Как-то странно запутано все... На фронте им было, наверное, легче: враг всегда перед тобой или, на худой конец, вокруг тебя одни враги. Можешь — бей, не можешь — умирай: и ясно, и амба. А у нас — кто враг? Шибко правильная, шиворот-навыворот-наоборот, клизьма Очкарик с отцом своим Хомяком, тыловою крысой? Или, может быть, все-таки Мамай, когда начинает подличать? Или, как его? — Бабель, которого я знать не знаю, но про которого отец сказал, что он и есть враг народа? Тихонький Борис Савельевич, потому что вроде бы как защищает того Бабеля, или какой-то по-недоброму грозный сегодня Миша Одесса? Спившийся с катушек трепач Васька Косой? Арасланов, потому что нас бил?.. Пигал с Пецей? Ну, враги... Только они вроде как лично мои враги, а не столько всеобщие. Мелкая шантрапа просто... Вот Барыга — точно враг, потому что сволочь, шкура, спекулянтская морда, а разве с ним что сделаешь, разве его, допустим, можно самосудом к стенке поставить? Да и не самосудом, а судом? Тебя же преступником и признают...
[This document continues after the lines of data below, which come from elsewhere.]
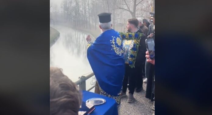 Το ευτράπελο συνέβη στη γέφυρα Γκίκα. Όπως φαίνεται σε βίντεο που έχει δημοσιευτεί στο TikTok, ο ιερέας επιχείρησε να ρίξει τον Σταυρό στο νερό, αλλά τελικά αυτός κατέληξε στο κεφάλι πιστού που βρισκόταν στο σημείο.
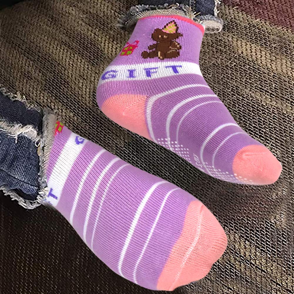 Tphon kids non slip socks are designed for babies these who are learning to walk or running Our Toddler Ankle grip Socks Baby Boy Anti Slip socks set features unique color and design combinations, which makes for a great Birthday gift for 12 month or 2t-3t 3t-4t 4t-5t 6t-7t Boys Ages 1-7 Advantage 1 Designed with Anti-slip dotted bottoms, Tphon baby socks prevent falls and slips from smooth marble or wooden floors 2 Select finest cotton material, these toddler grip socks have a breathable stretch fit that is soft on the skin and wont leave marks 3 Easy to get on and older toddlers are probably big enough to dress their little feet all by themselves, helping Mom out4 The kids non slip socks will keep little toes warm in style, suitable for spring, summer, autumn and winter5 Super cute socks is a perfect gift for your or friends baby on christmas, childrens Day, Birthday6 Pack of 12 non skid baby socks,sweat-absorbent, odor-resistant, anti slip and keep warm for your baby 7 The bright colors are sure to stimulate babies and draw their attention to those little toes Note:Please machine washes in cold water or water temperature not above 30Ac 80AF on the gentle cycle in mild detergent Please dont bleachdry clean, warm iron if needed, the water temperature under 30 when washing Package include: 12 pairs baby toddler walker anti slip socks with grips(Assorted cartoon pattern & fresh colors)
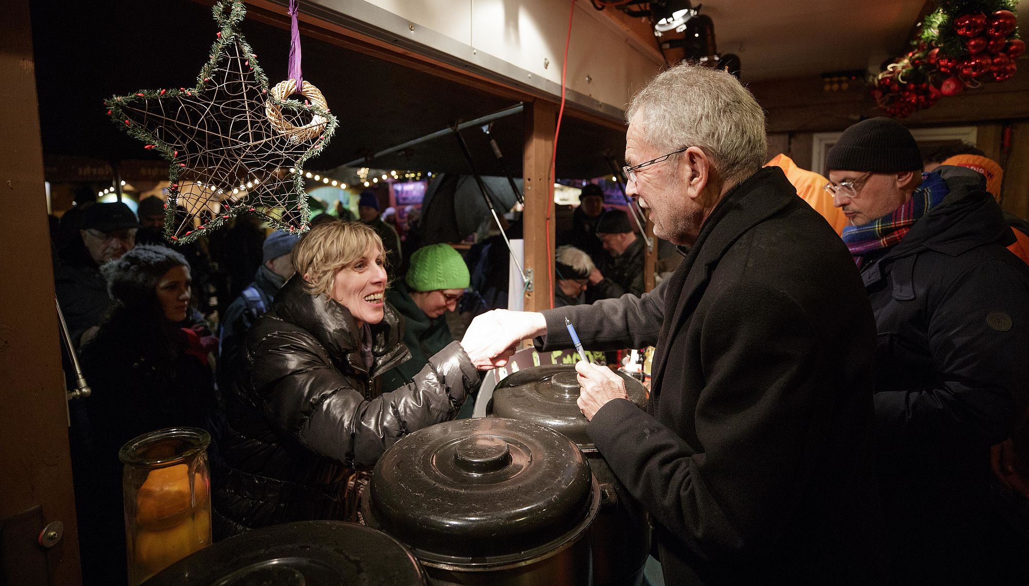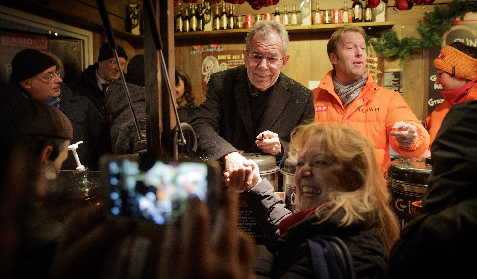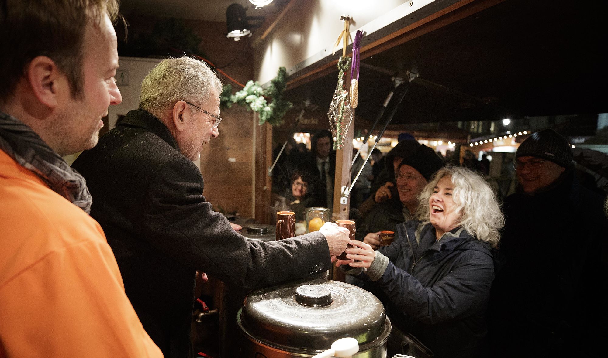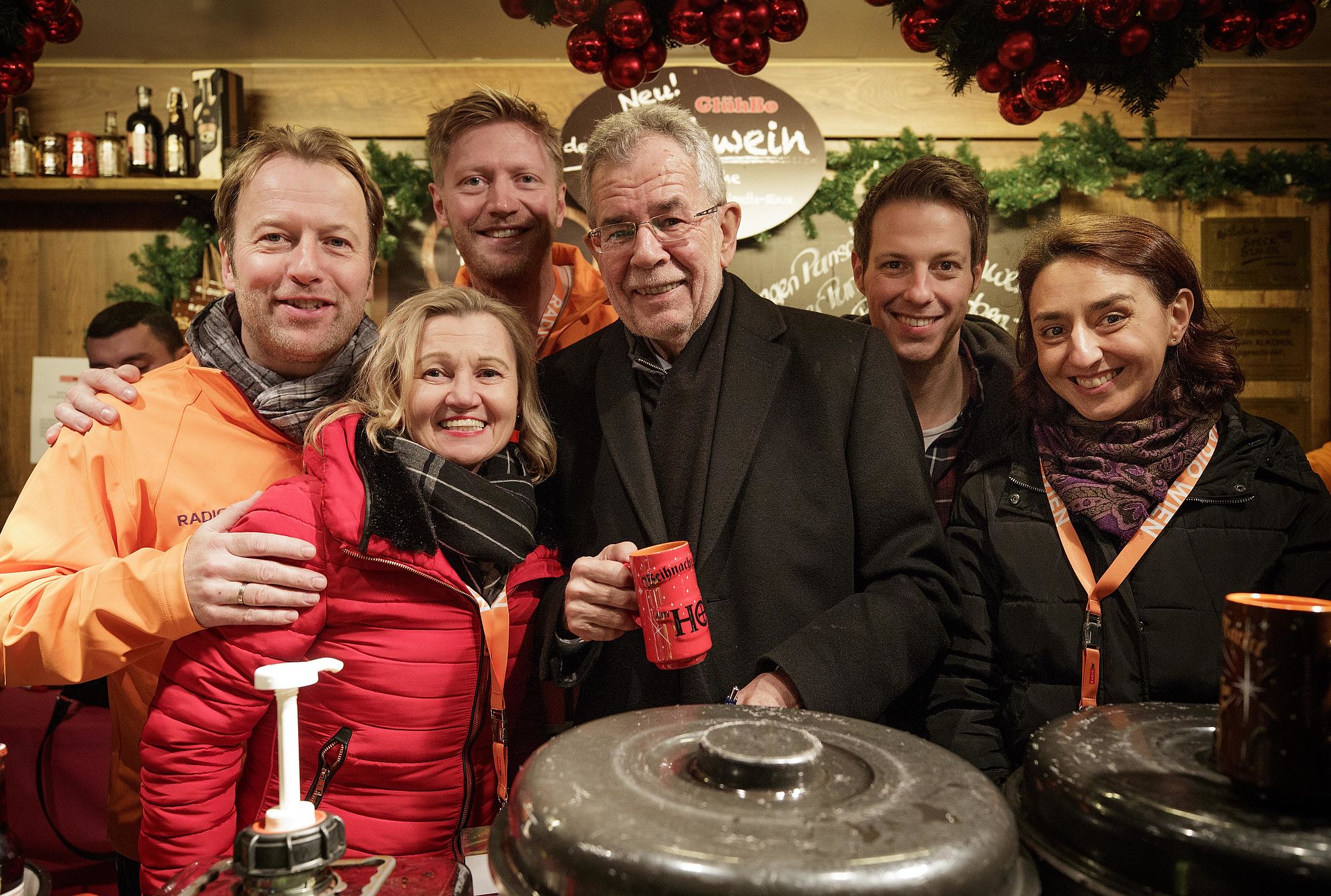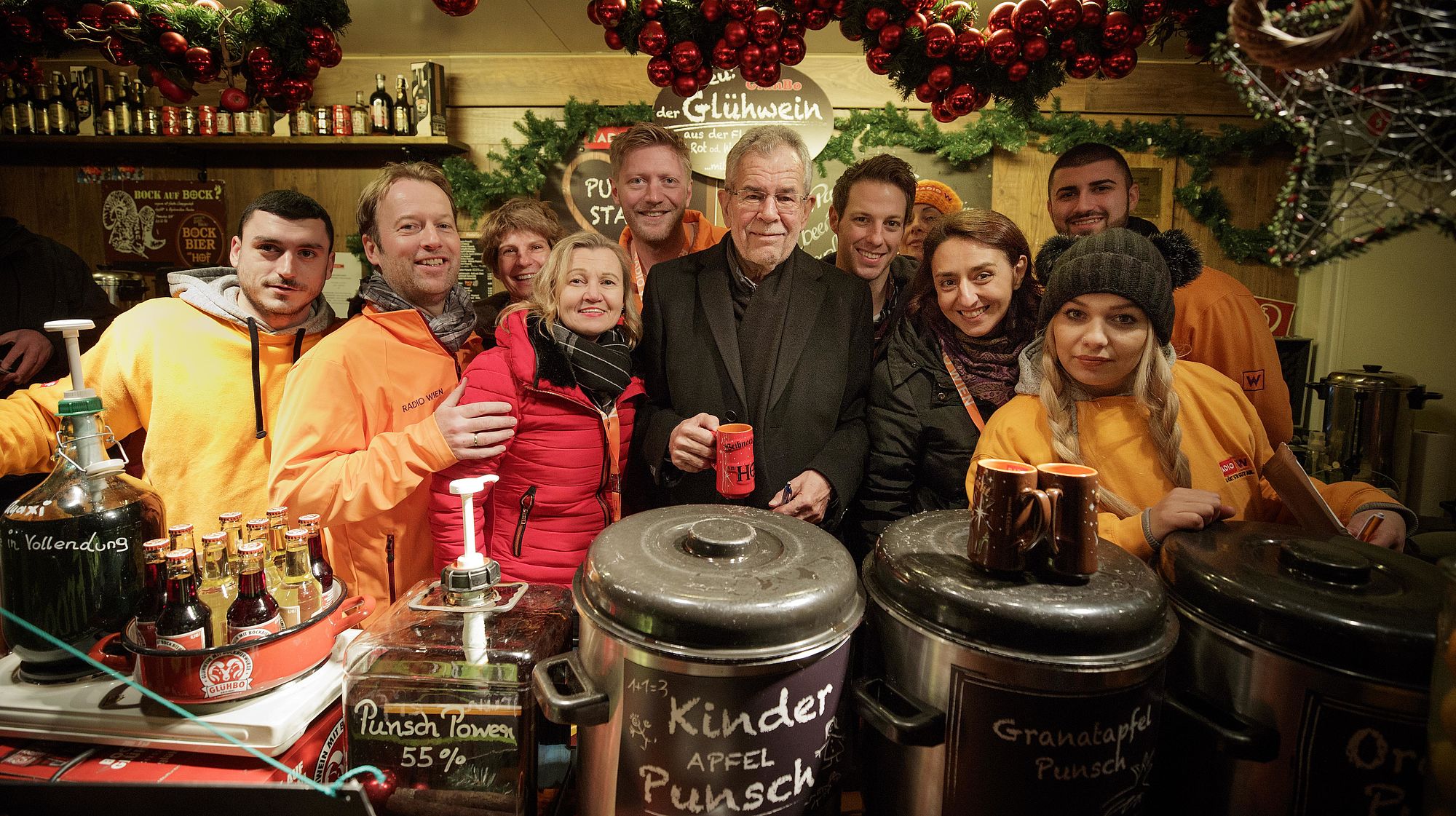 Bundespräsident Alexander Van der Bellen löst ein Wahlkampfversprechen ein, indem er mit ORF Radio Wien Moderatorinnen und Moderatoren Punsch für den guten Zweck ausschenkt.
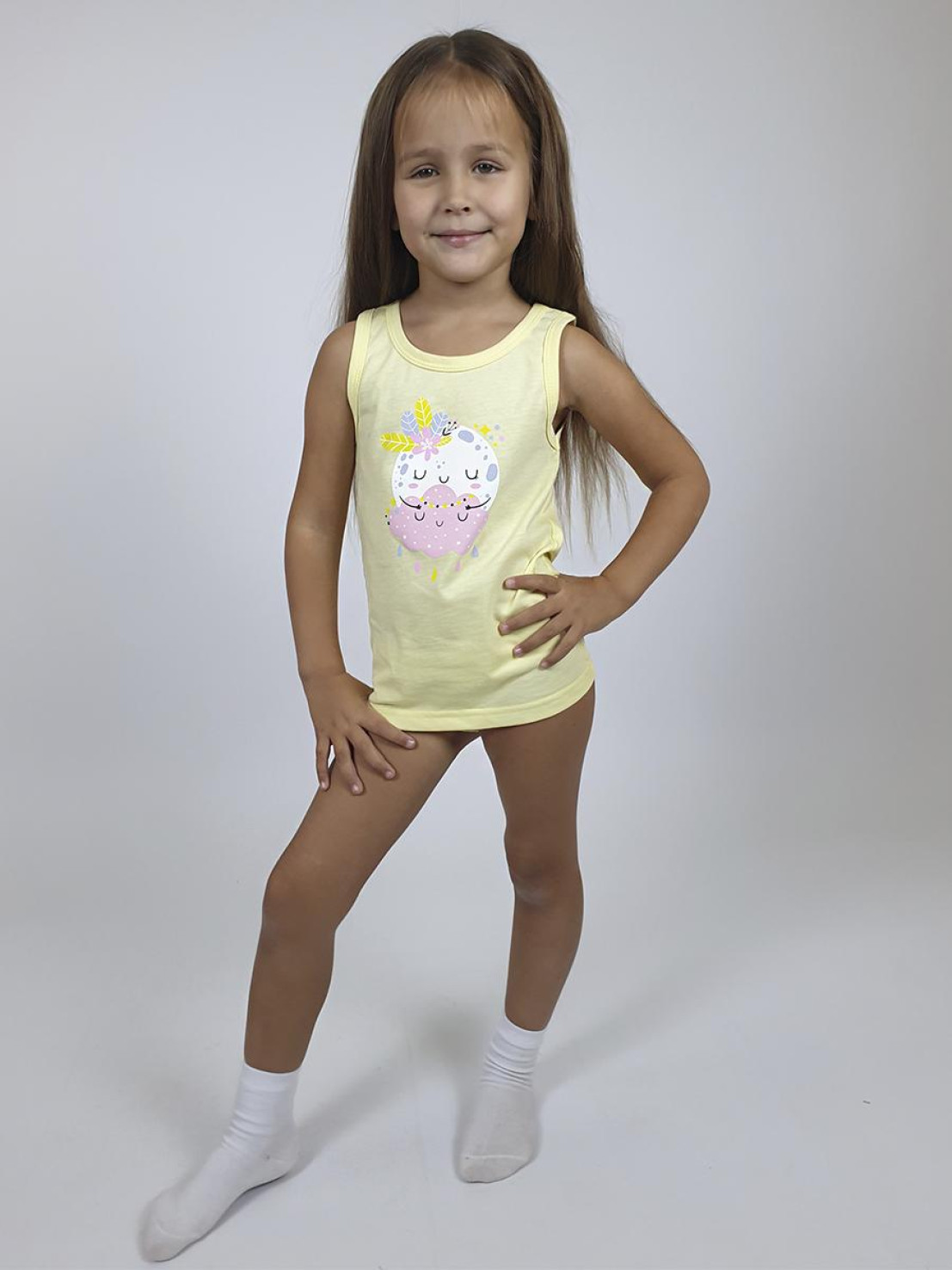 Кулирное полотно: 100% х/б. Майка-печать на переде,горловина и пройма окантованы. Трусы-на резинке,сзади печать,ножки окантованы.
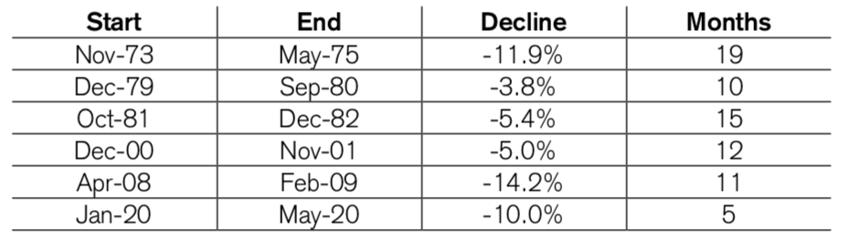 TABLE A: HISTORICAL SHARP DECLINES IN GLOBAL INDUSTRIAL PRODUCTION
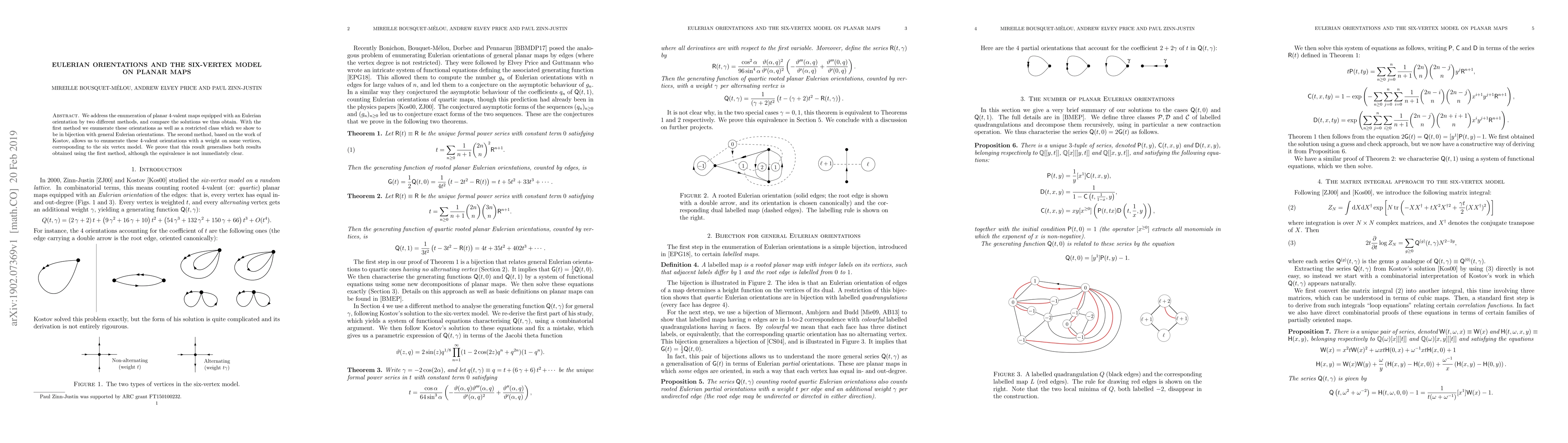 This paper enumerates Eulerian orientations on planar 4-valent maps using two methods: one directly counting orientations and a restricted class, and another based on Kostov's work that incorporates weights corresponding to the six-vertex model, proving its generality over the first method.

А враги есть, конечно, есть, иначе почему все так запутано, и почему бы мне так часто становилось трудно и плохо в самый счастливый на свете день? Мне... А Мамаю?
Очень сложно всегда с ним, а в последнее время особенно. Семядоля мне как-то даже осторожненько намекал, что-де Герман Нагаев для меня не самый подходящий друг, а если мы все-таки дружим, то я-де должен на него в лучшую сторону влиять. Повлияй-ка!.. А мать — так она прямо говорит, что терпеть не может Герку и что я мог бы завести себе приятелей поприличней. Странное дело, как будто друзей себе подбирают, словно бы биту-галю в бабки: какая с руки, а какая не с руки! Да если и не друзей: я, допустим, и сам знаю, что Васька Косой, и Миша Урка, и прочие барыги с базара не лучшие на свете люди, но с ними можно кое-какие дела делать, а, кроме того, меня просто тянет к ним, потому что мне интересно с ними, так как у них тоже есть свое, и своя правда, которую больше нигде не узнаешь и не скажет тебе никто.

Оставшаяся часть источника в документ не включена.